Three arms of research within Subodh's team have subsequently sprouted the idea that BRCA1 and BRCA2 play an important role in other chronic diseases. With regard to endothelial health, in vitro findings support a role for BRCA1 in inhibiting endothelial apoptosis and in improving endothelial function. Evidence from human atherosclerotic samples show markedly attenuated BRCA1 levels in plaque areas and gain-of-function studies suggest that BRCA1-based cell or gene therapy may represent a novel treatment approach for diseases characterized by endothelial dysfunction, such as atherosclerosis. Led by Hwee Teoh, PhD, an Associate Research Scientist, the group has also accumulated extensive data demonstrating that BRCA1 gene therapy not only retards experimental sepsis-associated multiorgan dysfunction but importantly also limits postsepsis mortality. Preliminary results pivoting around BRCA2 have started to surface and promise to open yet another avenue of investigation into the relevance of oncogenes in cardiovascular medicine.

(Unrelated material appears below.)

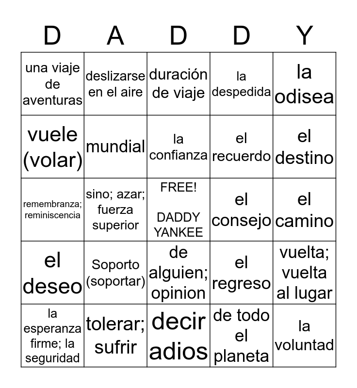 This bingo card has a free space and 24 words: Soporto (soportar), tolerar; sufrir, la confianza, la esperanza firme; la seguridad, la odisea, una viaje de aventuras, vuele (volar), deslizarse en el aire, el consejo, de alguien; opinion, el recuerdo, remembranza; reminiscencia, el regreso, vuelta; vuelta al lugar, mundial, de todo el planeta, el camino, duración de viaje, el destino, sino; azar; fuerza superior, la voluntad, el deseo, la despedida and decir adios.

Subodh has recently initiated discussions with oncologists at the H. Lee Moffitt Cancer Center in Florida to spearhead a clinical study aimed at prospectively evaluating cardiovascular risks in patients with BRCA1/2 mutations. This dynamic team together with Steven Narod, the Canada Research Chair in Breast Cancer, is also looking into the potential of retrospectively assessing cardiovascular risks and incidents in existing and ongoing BRCA1/2 patient registries.

When not focusing on his patients and research, Subodh enjoys and guards his down time shared with his two children and who cannot wait for dog sledding season to arrive.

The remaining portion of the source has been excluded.